[Records from a collection]
-=-=-
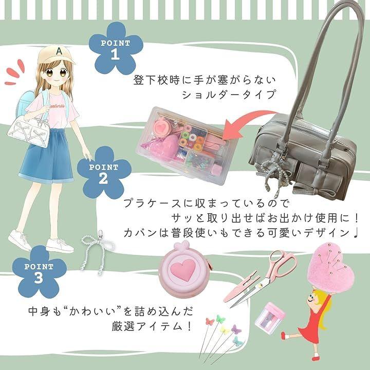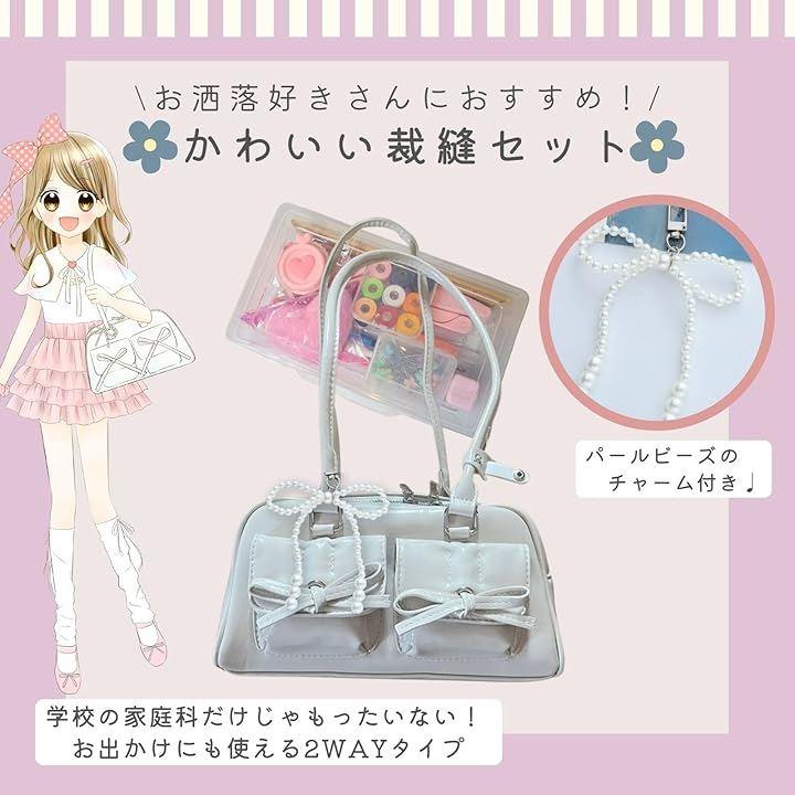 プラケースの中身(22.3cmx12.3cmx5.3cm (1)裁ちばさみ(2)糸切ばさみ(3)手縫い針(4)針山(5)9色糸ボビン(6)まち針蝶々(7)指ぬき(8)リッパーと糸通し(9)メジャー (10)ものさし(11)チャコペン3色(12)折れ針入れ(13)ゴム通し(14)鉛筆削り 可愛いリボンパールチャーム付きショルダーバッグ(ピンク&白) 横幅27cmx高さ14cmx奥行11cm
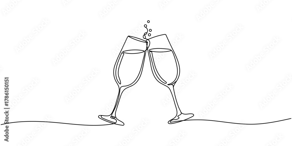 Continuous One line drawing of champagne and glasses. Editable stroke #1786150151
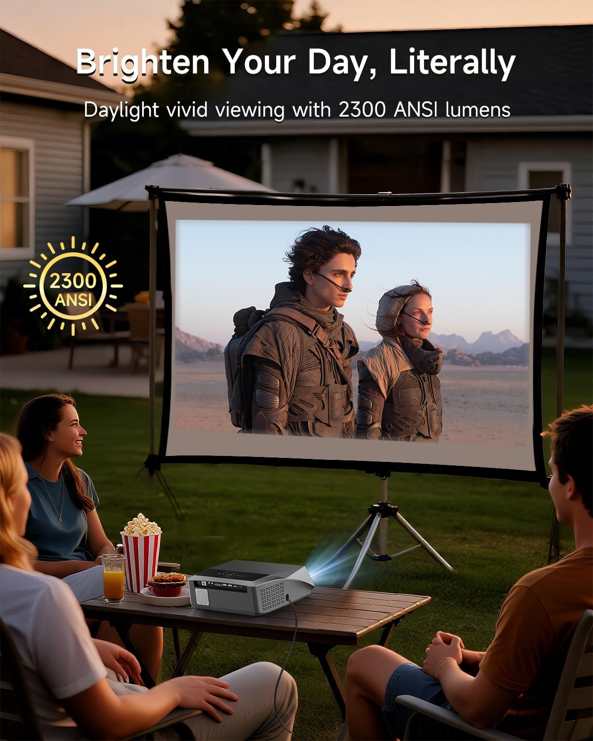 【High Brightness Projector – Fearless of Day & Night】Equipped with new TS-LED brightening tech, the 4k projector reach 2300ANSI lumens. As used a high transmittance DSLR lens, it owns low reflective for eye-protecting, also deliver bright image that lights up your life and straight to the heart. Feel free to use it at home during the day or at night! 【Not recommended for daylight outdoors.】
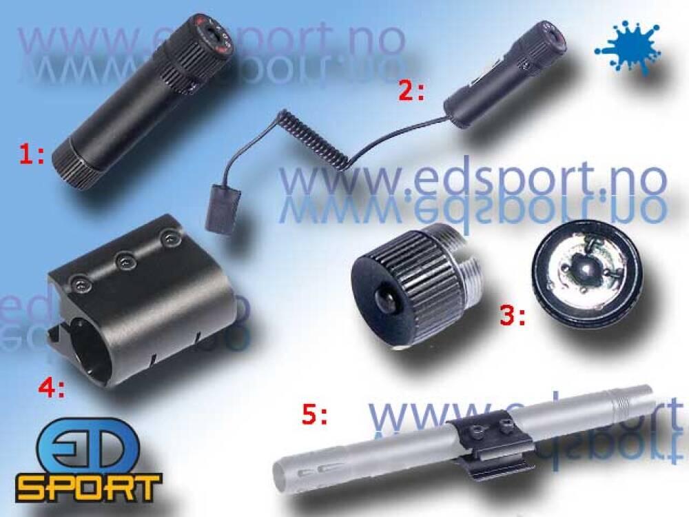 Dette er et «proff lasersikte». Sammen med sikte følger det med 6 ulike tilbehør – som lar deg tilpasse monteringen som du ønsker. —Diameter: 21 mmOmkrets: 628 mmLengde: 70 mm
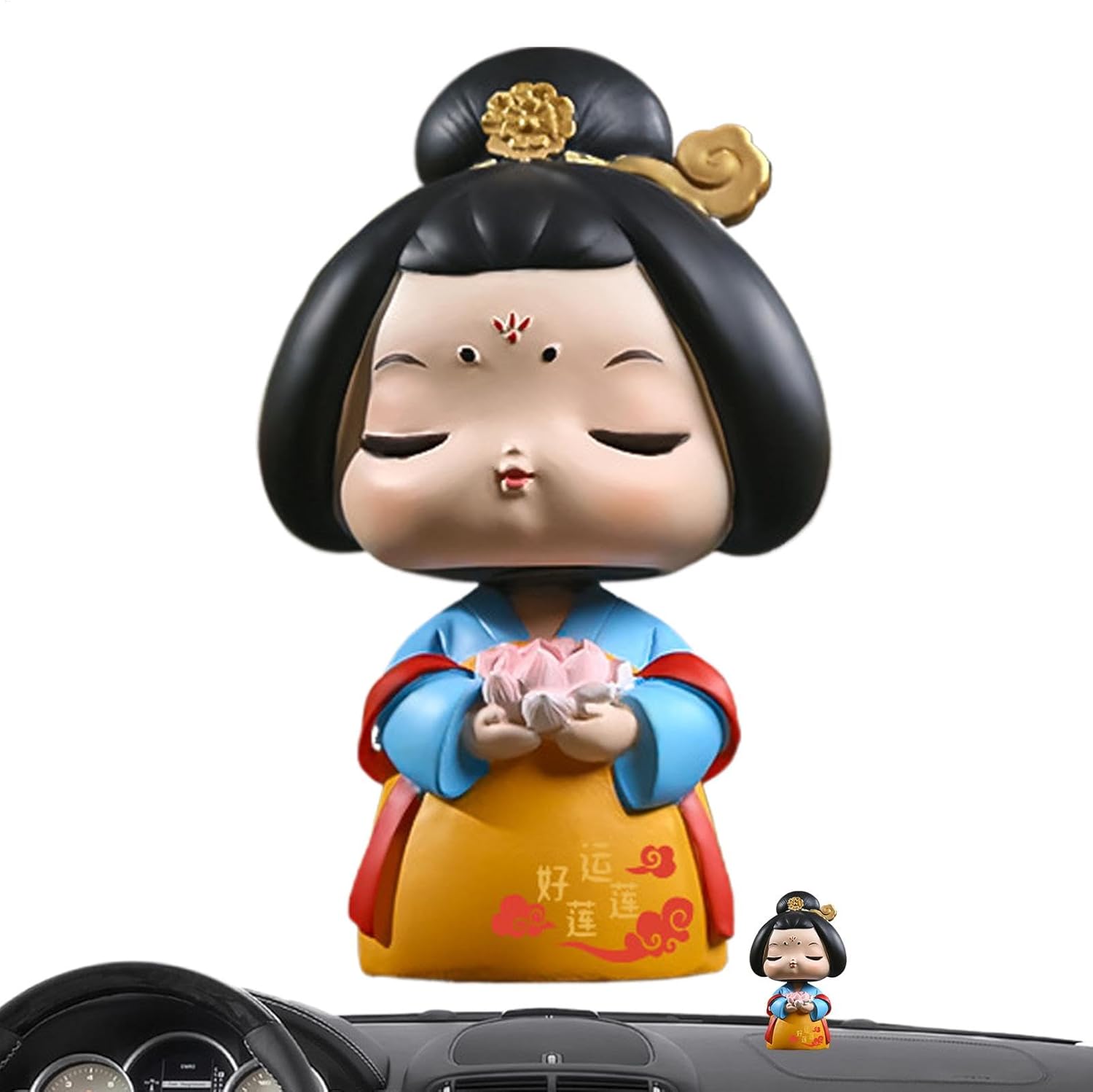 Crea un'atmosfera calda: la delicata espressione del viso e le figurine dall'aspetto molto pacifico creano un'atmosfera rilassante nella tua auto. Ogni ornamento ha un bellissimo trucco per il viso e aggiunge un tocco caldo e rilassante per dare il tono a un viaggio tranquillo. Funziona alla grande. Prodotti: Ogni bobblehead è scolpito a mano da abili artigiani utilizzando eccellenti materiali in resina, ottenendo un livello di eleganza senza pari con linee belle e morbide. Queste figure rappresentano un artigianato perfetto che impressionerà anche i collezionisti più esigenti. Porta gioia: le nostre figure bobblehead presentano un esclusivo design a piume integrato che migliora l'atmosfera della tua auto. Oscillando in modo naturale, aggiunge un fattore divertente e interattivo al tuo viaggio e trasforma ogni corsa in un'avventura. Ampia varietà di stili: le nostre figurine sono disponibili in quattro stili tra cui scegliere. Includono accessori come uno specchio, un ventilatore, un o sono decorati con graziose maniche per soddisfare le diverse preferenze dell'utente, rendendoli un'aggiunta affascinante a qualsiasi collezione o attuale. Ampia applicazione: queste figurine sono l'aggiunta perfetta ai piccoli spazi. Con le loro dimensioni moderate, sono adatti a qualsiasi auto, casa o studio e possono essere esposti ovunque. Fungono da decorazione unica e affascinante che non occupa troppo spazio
-=-=-
▸ Task to carry out
Only the lines from the start of the records above through the line containing "Continuous One line" should be returned, exactly and with both ends, please; the pictures stay out.

▸ Output of the task
 プラケースの中身(22.3cmx12.3cmx5.3cm (1)裁ちばさみ(2)糸切ばさみ(3)手縫い針(4)針山(5)9色糸ボビン(6)まち針蝶々(7)指ぬき(8)リッパーと糸通し(9)メジャー (10)ものさし(11)チャコペン3色(12)折れ針入れ(13)ゴム通し(14)鉛筆削り 可愛いリボンパールチャーム付きショルダーバッグ(ピンク&白) 横幅27cmx高さ14cmx奥行11cm
 Continuous One line drawing of champagne and glasses. Editable stroke #1786150151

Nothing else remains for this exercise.